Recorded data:
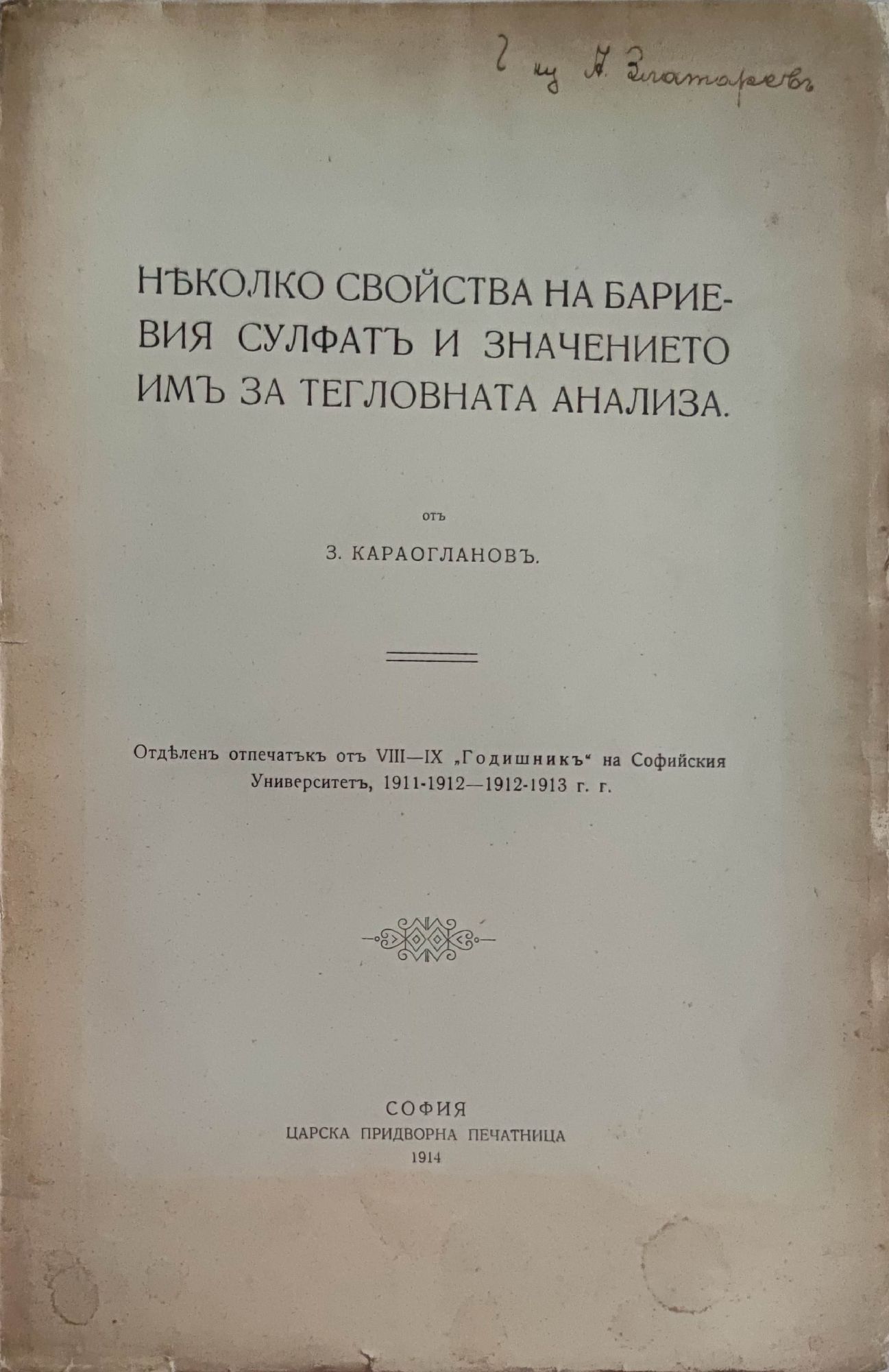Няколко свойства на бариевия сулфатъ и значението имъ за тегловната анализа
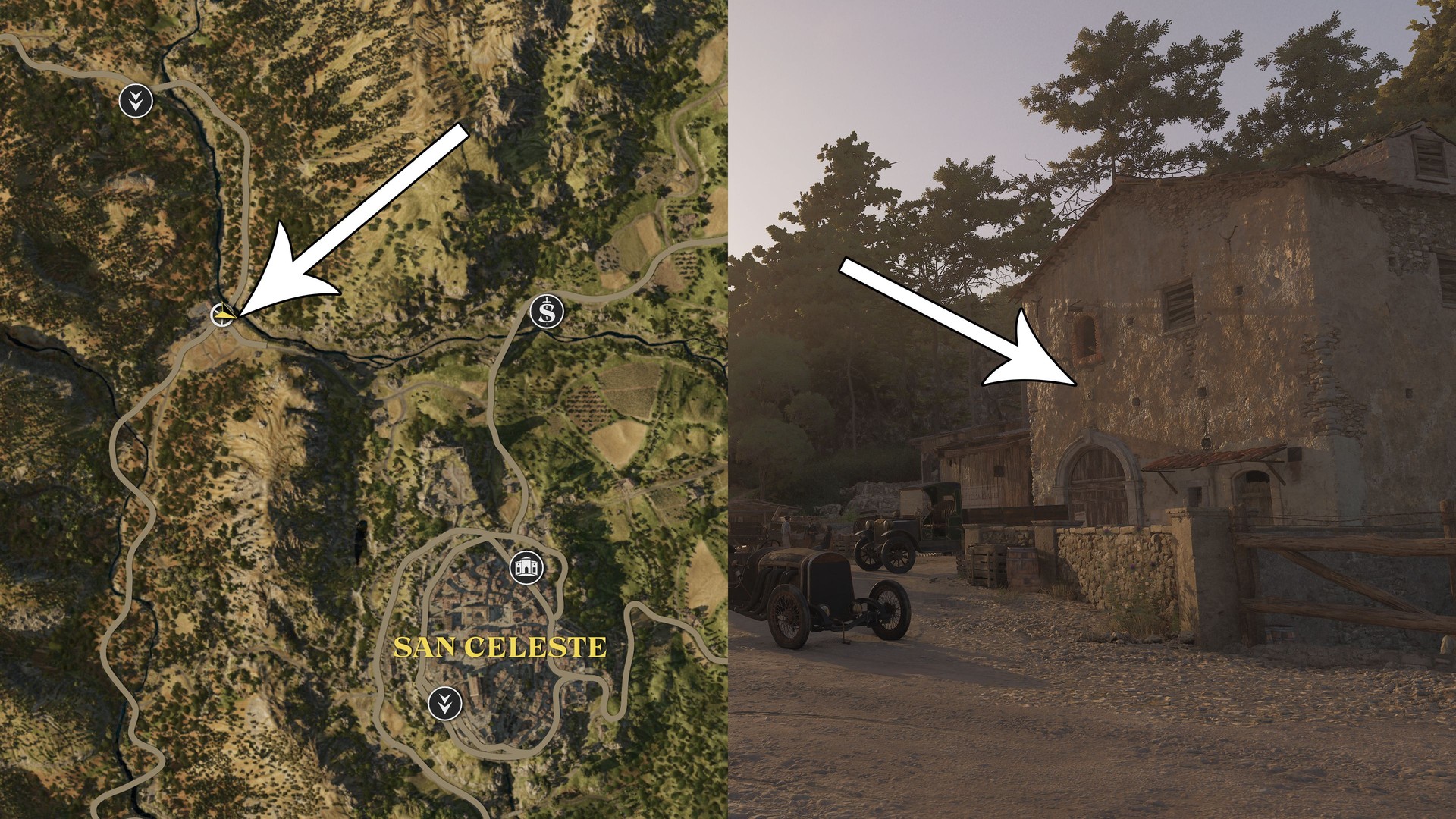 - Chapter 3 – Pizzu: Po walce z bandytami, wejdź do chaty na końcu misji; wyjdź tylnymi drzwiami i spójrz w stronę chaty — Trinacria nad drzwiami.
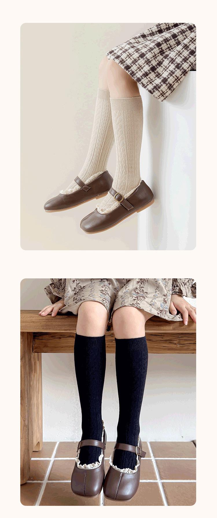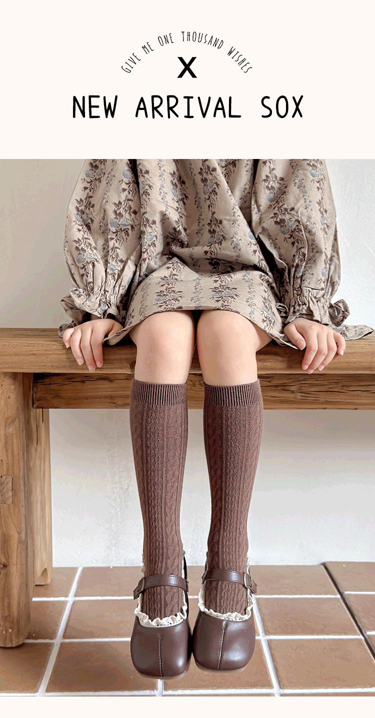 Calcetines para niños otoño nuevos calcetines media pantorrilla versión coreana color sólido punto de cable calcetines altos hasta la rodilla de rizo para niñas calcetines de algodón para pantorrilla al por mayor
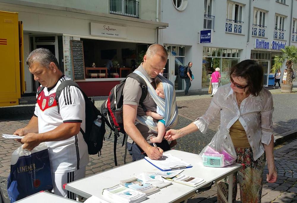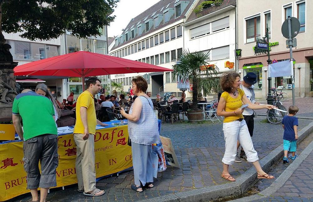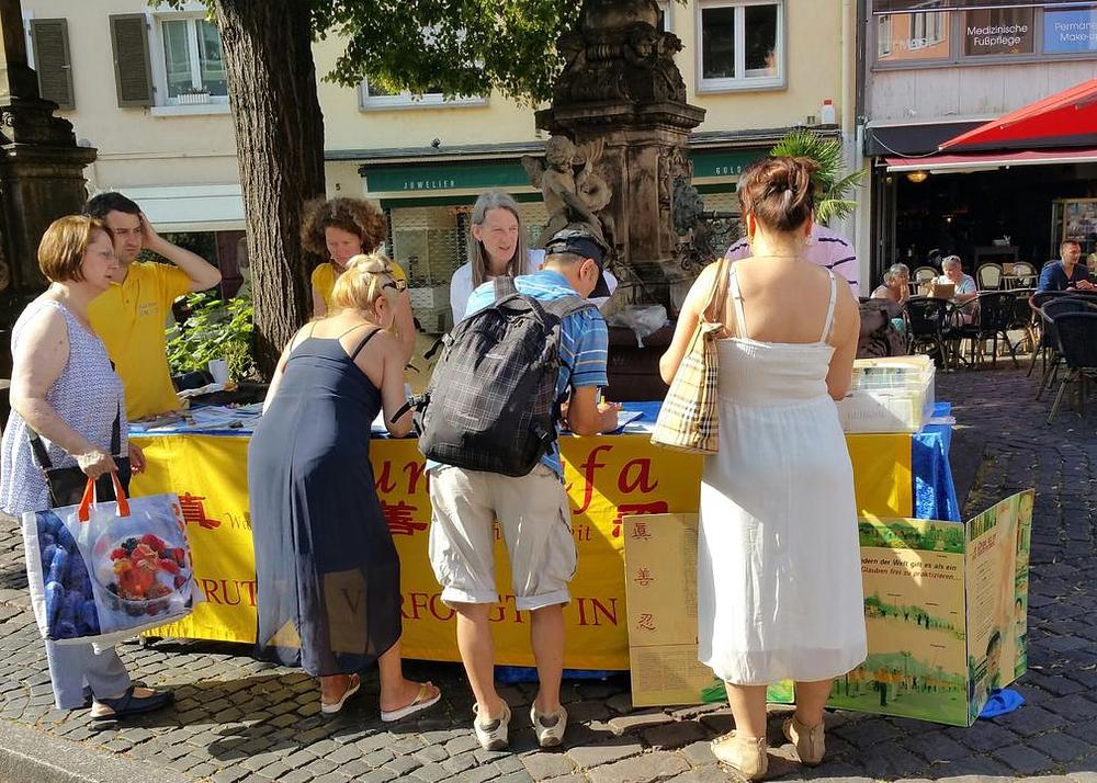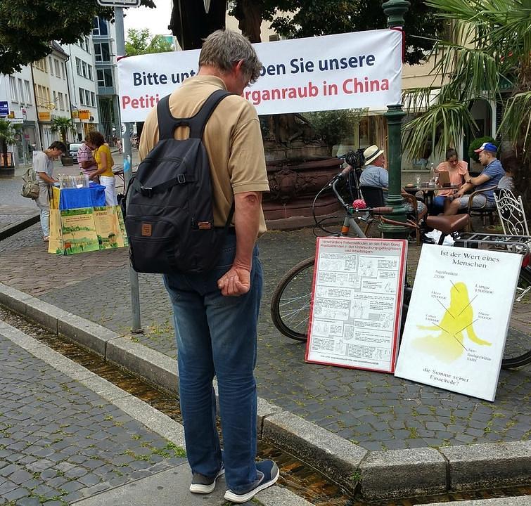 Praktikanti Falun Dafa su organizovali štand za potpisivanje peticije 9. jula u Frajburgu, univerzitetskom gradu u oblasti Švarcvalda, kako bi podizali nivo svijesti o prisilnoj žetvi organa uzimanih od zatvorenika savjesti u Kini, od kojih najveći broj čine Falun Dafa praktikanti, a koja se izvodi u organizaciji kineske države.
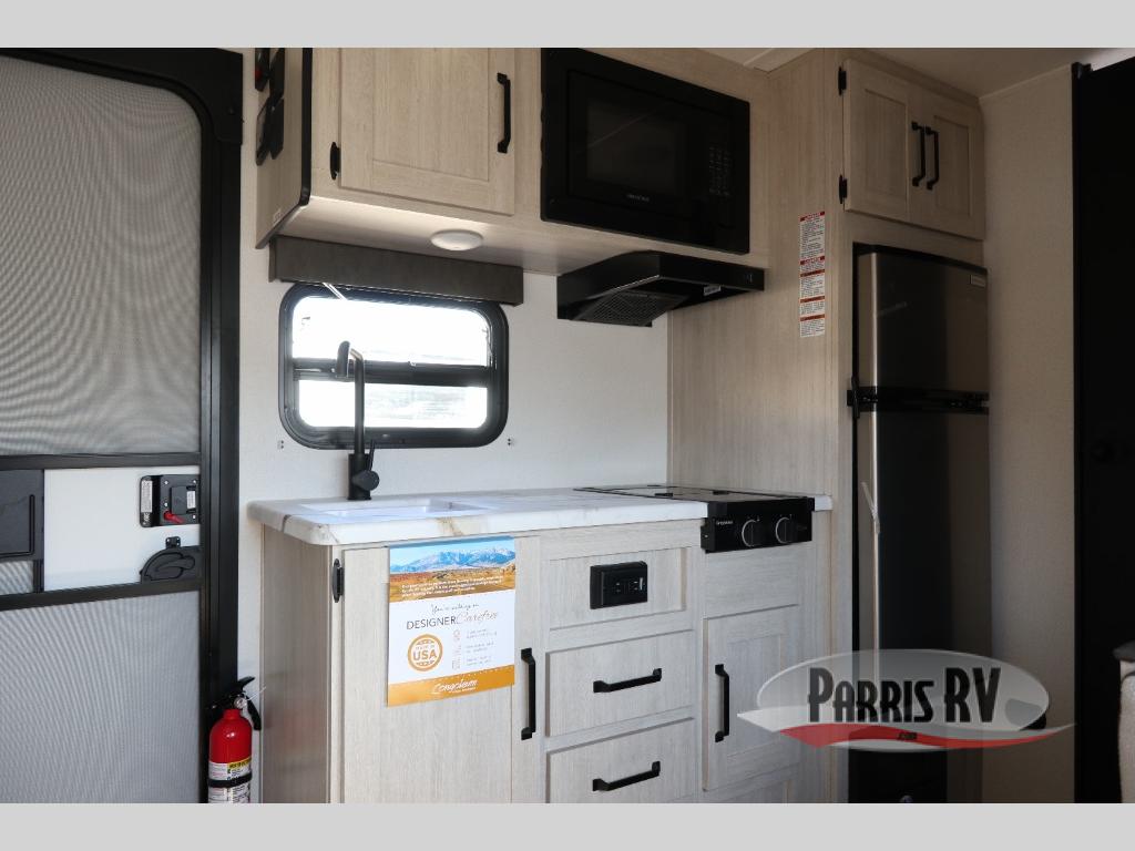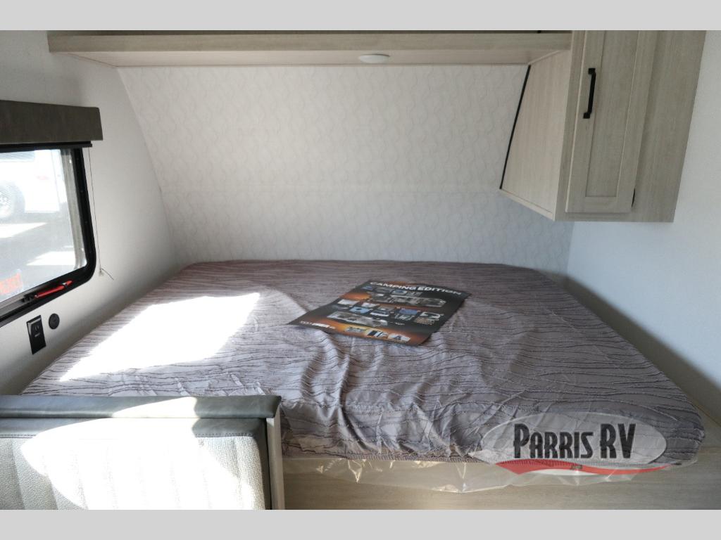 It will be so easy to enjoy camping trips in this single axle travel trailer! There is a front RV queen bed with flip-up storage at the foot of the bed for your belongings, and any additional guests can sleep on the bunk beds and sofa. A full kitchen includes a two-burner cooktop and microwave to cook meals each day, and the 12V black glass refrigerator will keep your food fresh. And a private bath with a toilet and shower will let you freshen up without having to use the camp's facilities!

• _Aim of the exercise_
Find the line with "Calcetines para niños" in the entries above. Set down exactly every line from it up to and including the line with "Praktikanti Falun Dafa", images excluded.

• _Task result_
 Calcetines para niños otoño nuevos calcetines media pantorrilla versión coreana color sólido punto de cable calcetines altos hasta la rodilla de rizo para niñas calcetines de algodón para pantorrilla al por mayor
 Praktikanti Falun Dafa su organizovali štand za potpisivanje peticije 9. jula u Frajburgu, univerzitetskom gradu u oblasti Švarcvalda, kako bi podizali nivo svijesti o prisilnoj žetvi organa uzimanih od zatvorenika savjesti u Kini, od kojih najveći broj čine Falun Dafa praktikanti, a koja se izvodi u organizaciji kineske države.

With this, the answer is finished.